What is being asked
Line by line, set down the records below from the first line through the line containing "page image |". Omit the pictures.
╭─ Exercise inputs
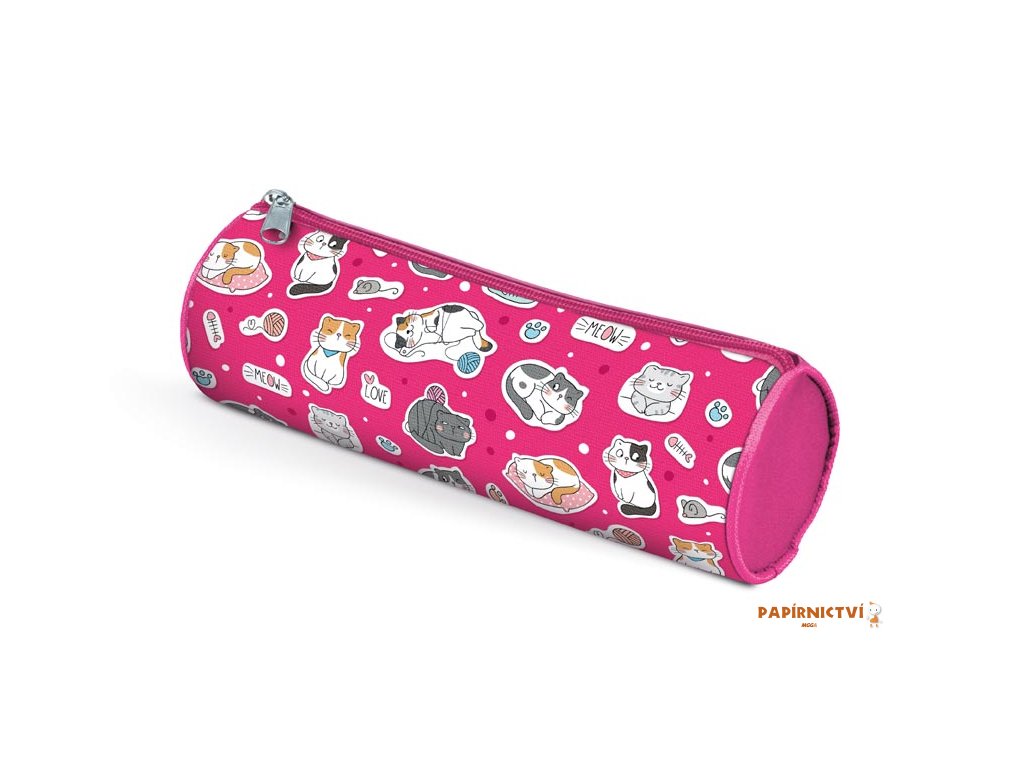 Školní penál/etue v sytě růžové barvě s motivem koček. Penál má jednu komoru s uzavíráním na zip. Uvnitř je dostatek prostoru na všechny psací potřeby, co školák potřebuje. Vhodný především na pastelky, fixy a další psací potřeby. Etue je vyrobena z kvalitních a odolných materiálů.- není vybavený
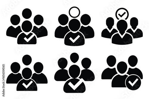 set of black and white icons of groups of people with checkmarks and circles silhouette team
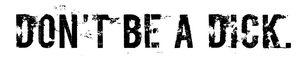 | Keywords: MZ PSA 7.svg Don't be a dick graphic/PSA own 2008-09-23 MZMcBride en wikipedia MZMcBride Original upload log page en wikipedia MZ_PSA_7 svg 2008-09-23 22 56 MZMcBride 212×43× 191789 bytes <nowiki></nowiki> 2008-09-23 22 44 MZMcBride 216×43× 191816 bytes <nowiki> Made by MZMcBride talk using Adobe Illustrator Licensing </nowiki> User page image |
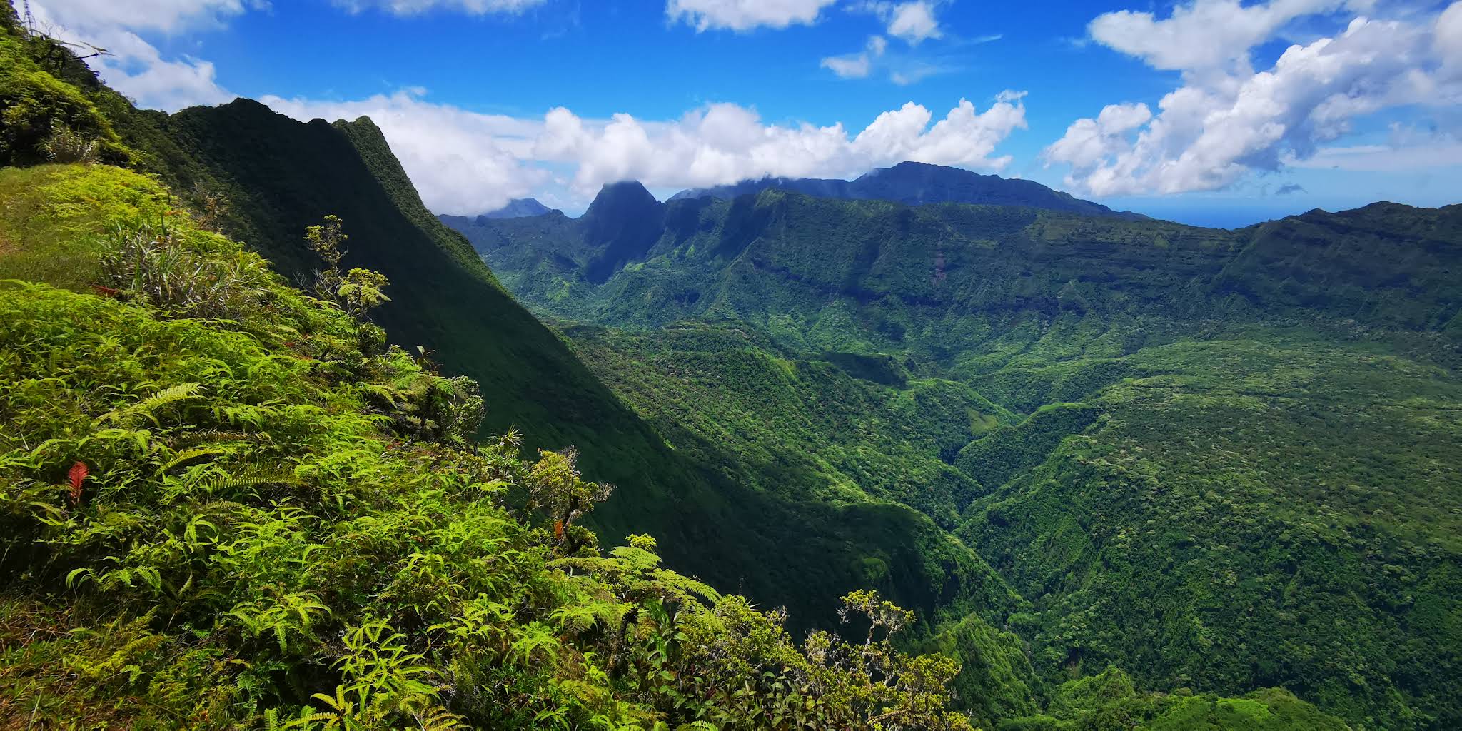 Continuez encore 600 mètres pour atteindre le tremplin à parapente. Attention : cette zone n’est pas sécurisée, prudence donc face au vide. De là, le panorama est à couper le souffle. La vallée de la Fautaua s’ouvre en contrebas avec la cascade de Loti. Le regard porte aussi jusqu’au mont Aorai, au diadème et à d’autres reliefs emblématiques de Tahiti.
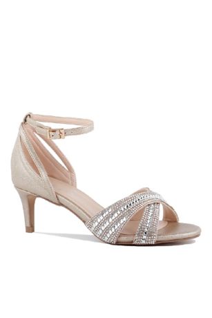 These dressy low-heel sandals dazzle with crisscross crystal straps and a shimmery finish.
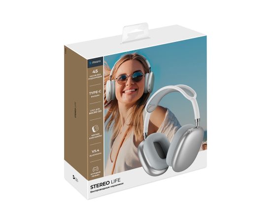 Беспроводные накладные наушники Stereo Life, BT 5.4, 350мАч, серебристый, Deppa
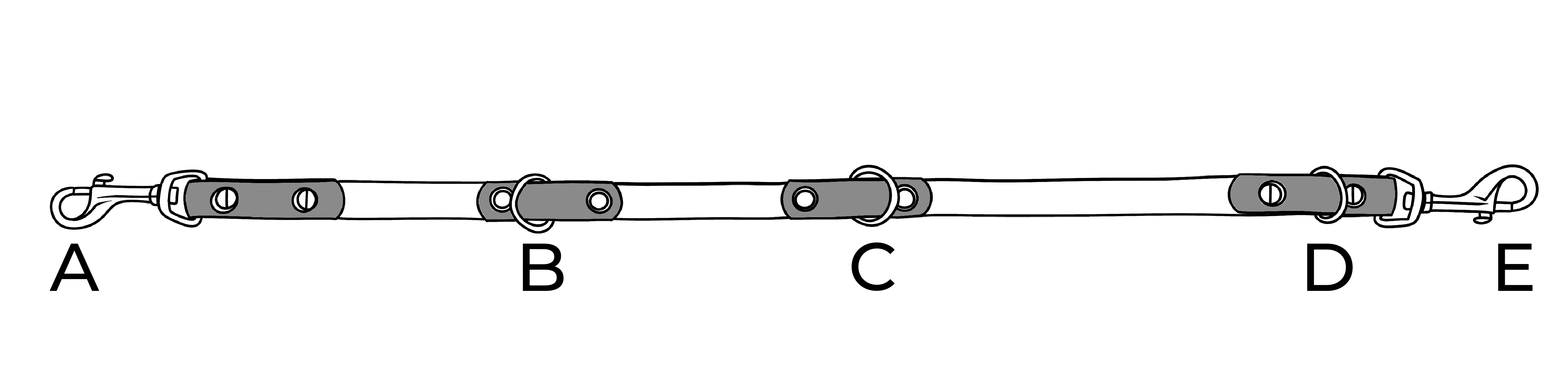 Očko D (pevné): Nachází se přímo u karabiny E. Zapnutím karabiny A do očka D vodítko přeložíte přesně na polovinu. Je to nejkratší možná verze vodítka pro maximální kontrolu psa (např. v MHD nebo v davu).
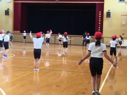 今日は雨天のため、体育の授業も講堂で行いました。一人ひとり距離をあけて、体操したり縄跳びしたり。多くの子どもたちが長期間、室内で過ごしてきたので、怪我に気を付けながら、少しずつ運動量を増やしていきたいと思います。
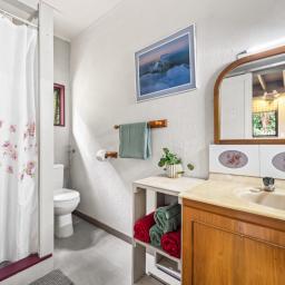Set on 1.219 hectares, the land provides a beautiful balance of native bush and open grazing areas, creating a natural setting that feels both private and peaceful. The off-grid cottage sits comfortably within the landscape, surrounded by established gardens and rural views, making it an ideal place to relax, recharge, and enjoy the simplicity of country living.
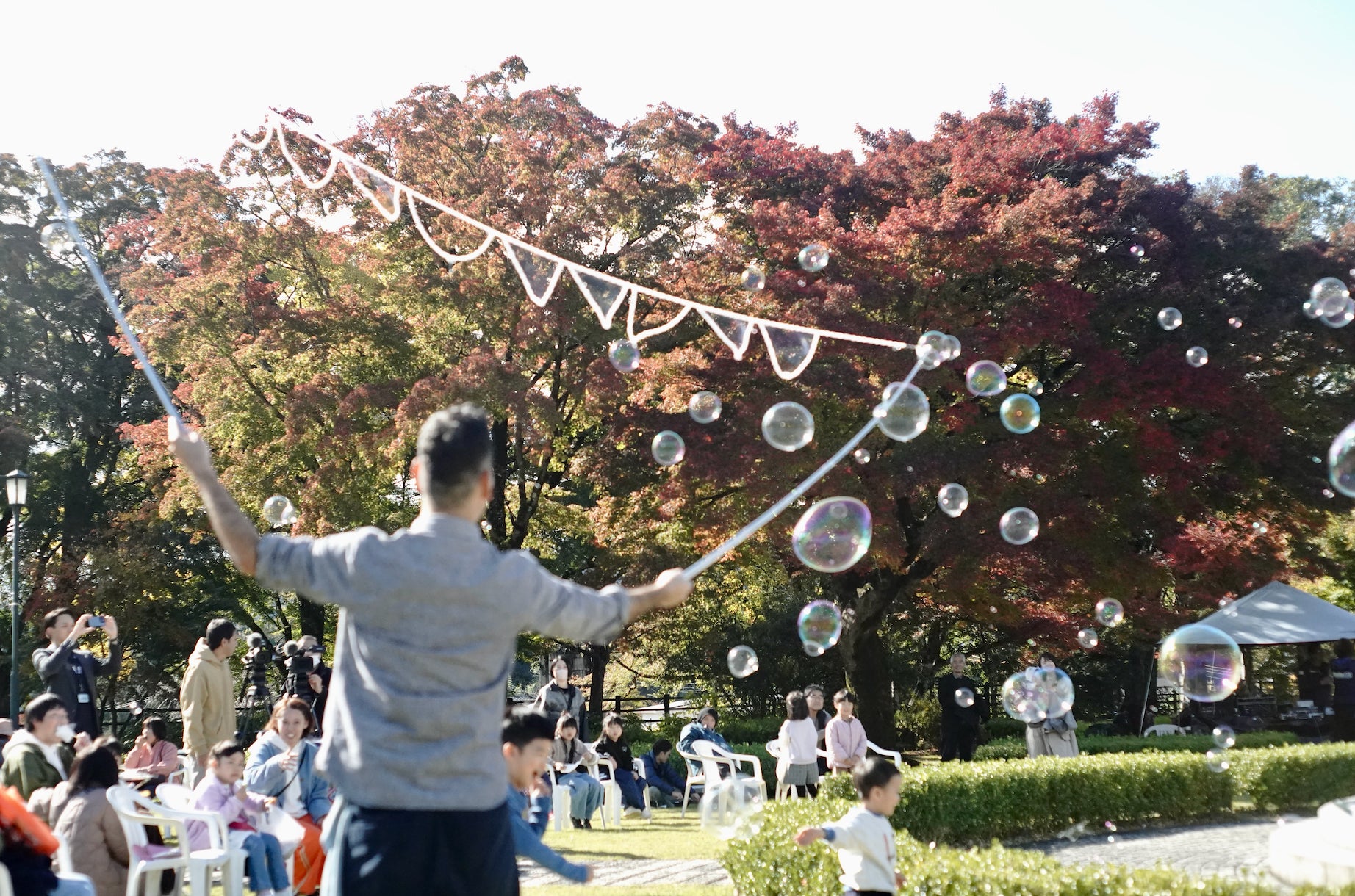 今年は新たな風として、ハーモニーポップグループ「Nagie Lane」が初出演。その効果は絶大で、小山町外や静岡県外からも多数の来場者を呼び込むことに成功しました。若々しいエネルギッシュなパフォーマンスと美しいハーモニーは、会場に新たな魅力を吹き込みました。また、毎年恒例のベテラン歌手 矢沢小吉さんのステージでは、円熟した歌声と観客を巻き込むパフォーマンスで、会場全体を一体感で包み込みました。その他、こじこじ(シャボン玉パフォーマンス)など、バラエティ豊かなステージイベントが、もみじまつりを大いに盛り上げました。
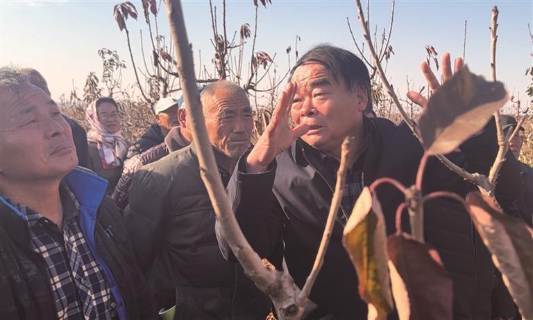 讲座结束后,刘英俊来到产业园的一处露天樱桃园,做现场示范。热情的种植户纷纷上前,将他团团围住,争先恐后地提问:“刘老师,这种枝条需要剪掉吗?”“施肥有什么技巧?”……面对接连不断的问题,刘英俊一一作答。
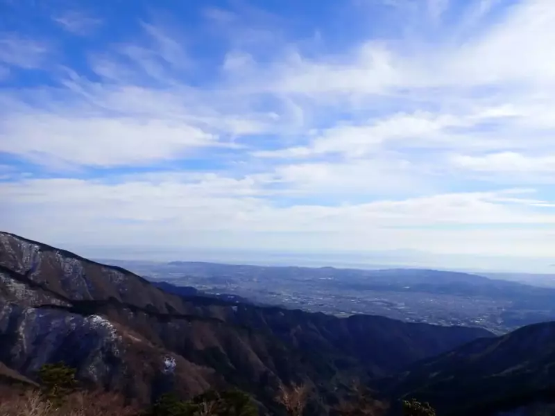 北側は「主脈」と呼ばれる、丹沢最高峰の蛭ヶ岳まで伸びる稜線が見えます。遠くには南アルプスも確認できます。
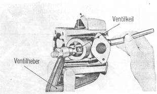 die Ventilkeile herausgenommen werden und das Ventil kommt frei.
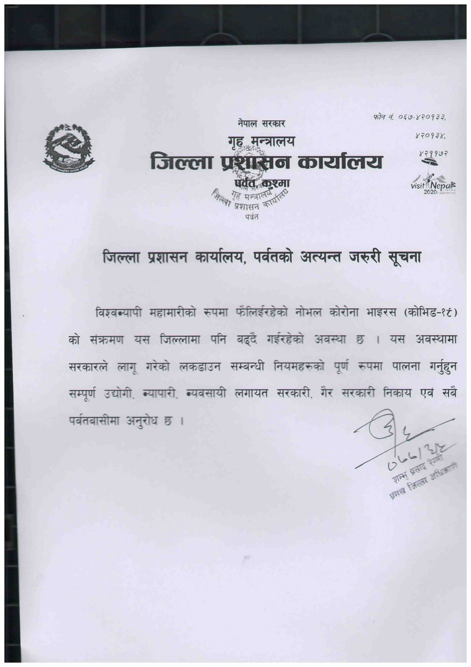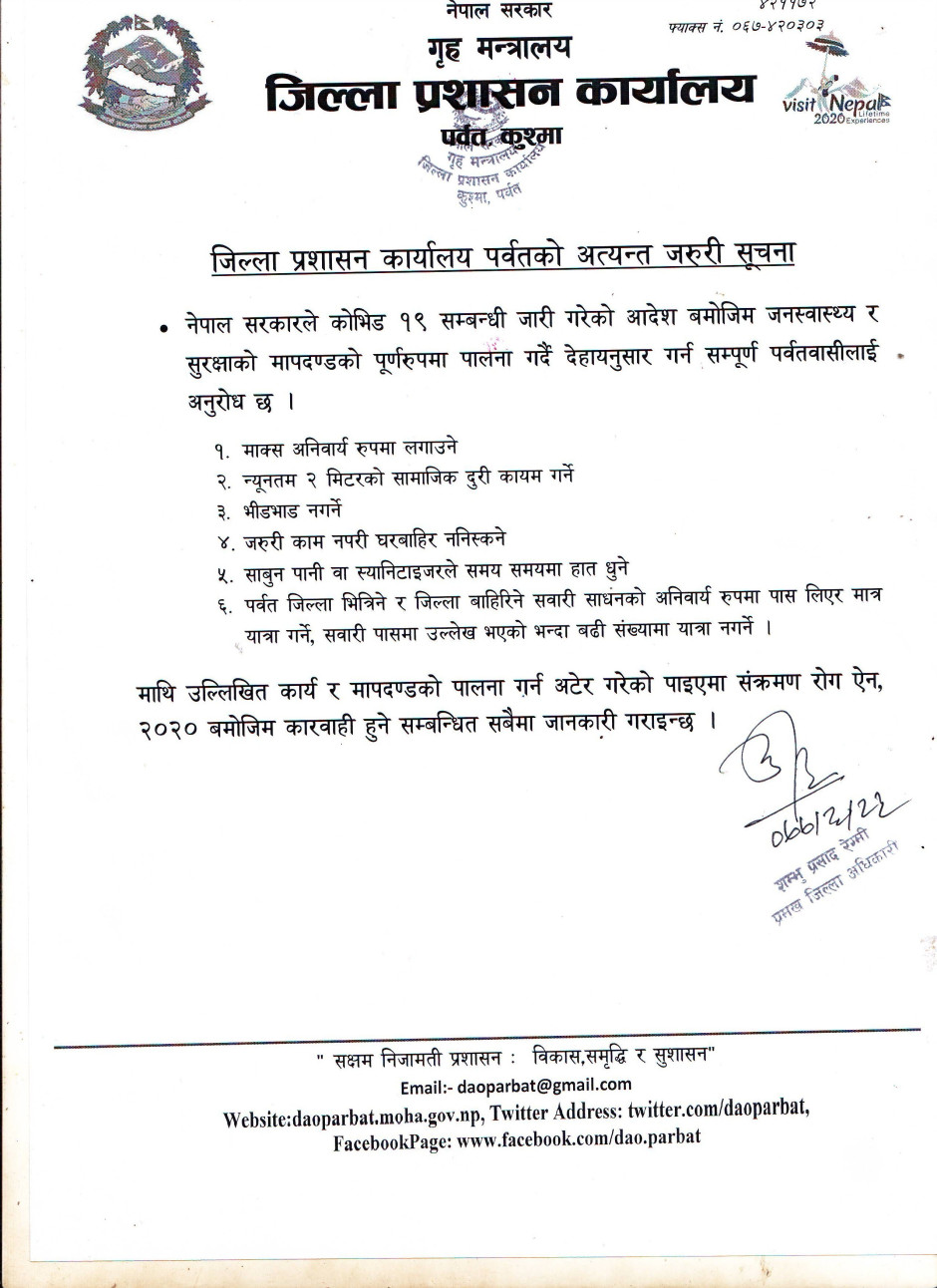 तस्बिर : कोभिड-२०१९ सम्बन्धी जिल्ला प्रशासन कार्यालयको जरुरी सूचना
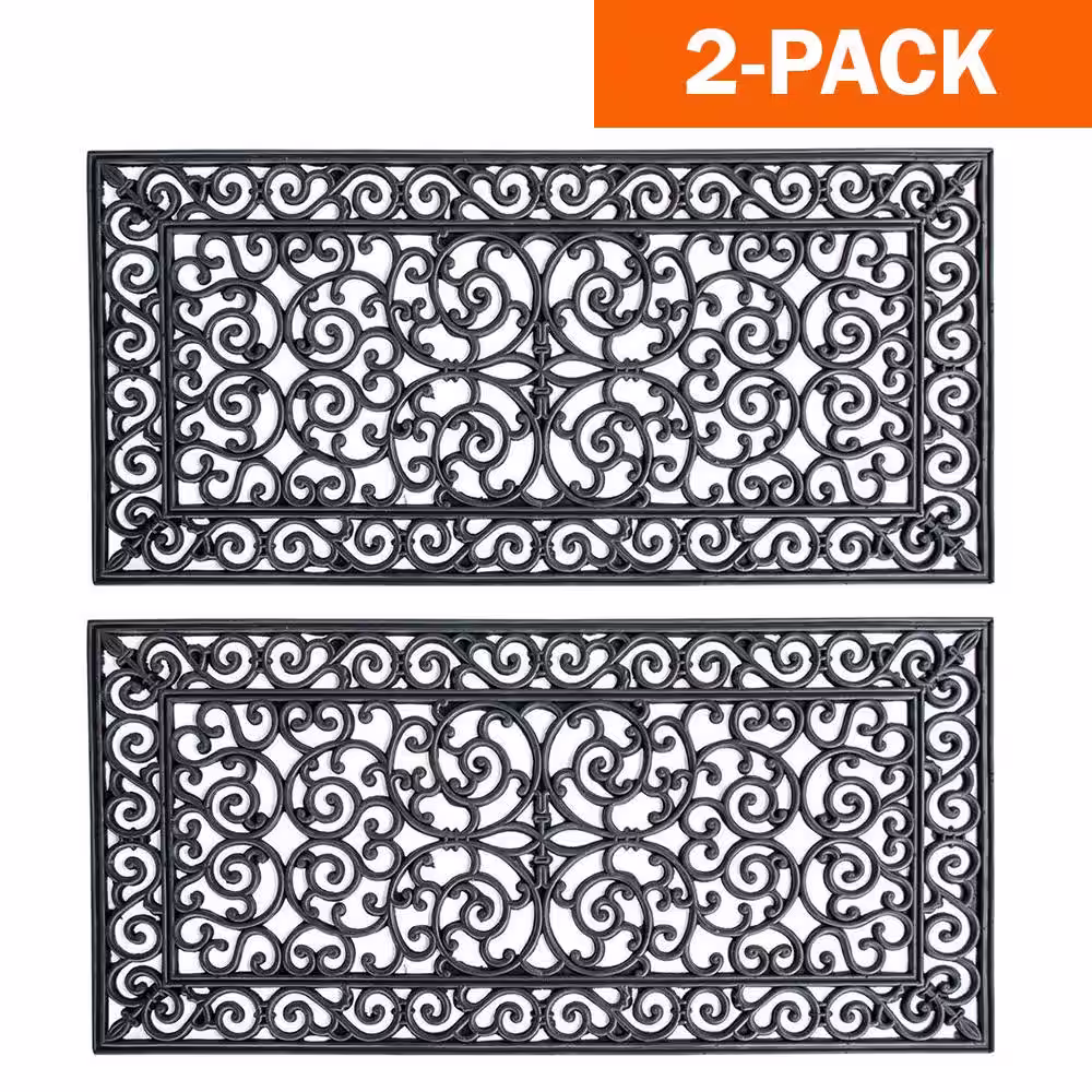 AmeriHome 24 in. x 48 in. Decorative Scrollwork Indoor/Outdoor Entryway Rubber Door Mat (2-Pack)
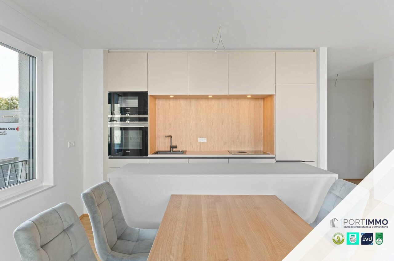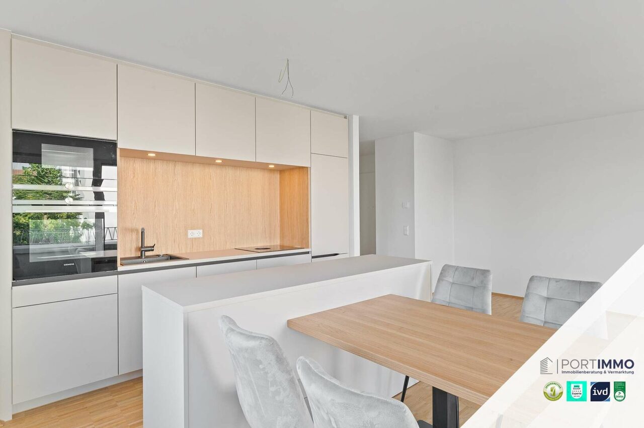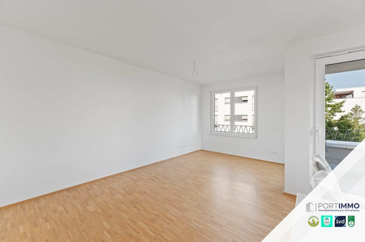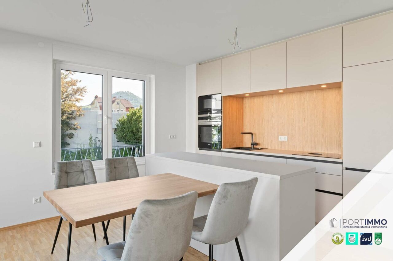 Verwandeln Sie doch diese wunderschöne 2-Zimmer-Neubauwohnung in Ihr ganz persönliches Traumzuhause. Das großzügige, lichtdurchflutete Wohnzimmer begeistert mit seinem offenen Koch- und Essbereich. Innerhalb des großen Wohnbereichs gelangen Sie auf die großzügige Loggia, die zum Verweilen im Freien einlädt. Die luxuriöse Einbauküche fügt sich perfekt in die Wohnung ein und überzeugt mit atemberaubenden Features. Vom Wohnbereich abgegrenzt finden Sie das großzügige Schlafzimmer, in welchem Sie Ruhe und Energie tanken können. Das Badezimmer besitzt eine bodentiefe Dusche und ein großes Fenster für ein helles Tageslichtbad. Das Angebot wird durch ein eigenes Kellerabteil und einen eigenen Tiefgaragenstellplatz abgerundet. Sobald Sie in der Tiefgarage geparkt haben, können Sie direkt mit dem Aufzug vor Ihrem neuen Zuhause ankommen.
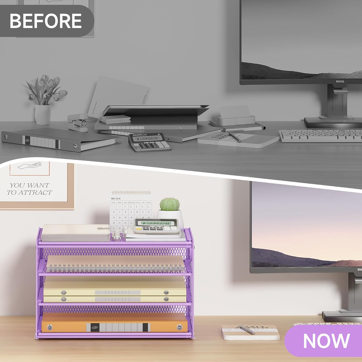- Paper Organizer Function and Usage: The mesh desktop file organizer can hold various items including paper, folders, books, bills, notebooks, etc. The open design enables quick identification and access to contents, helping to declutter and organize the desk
╰─
Response area
 Školní penál/etue v sytě růžové barvě s motivem koček. Penál má jednu komoru s uzavíráním na zip. Uvnitř je dostatek prostoru na všechny psací potřeby, co školák potřebuje. Vhodný především na pastelky, fixy a další psací potřeby. Etue je vyrobena z kvalitních a odolných materiálů.- není vybavený
 set of black and white icons of groups of people with checkmarks and circles silhouette team
 | Keywords: MZ PSA 7.svg Don't be a dick graphic/PSA own 2008-09-23 MZMcBride en wikipedia MZMcBride Original upload log page en wikipedia MZ_PSA_7 svg 2008-09-23 22 56 MZMcBride 212×43× 191789 bytes <nowiki></nowiki> 2008-09-23 22 44 MZMcBride 216×43× 191816 bytes <nowiki> Made by MZMcBride talk using Adobe Illustrator Licensing </nowiki> User page image |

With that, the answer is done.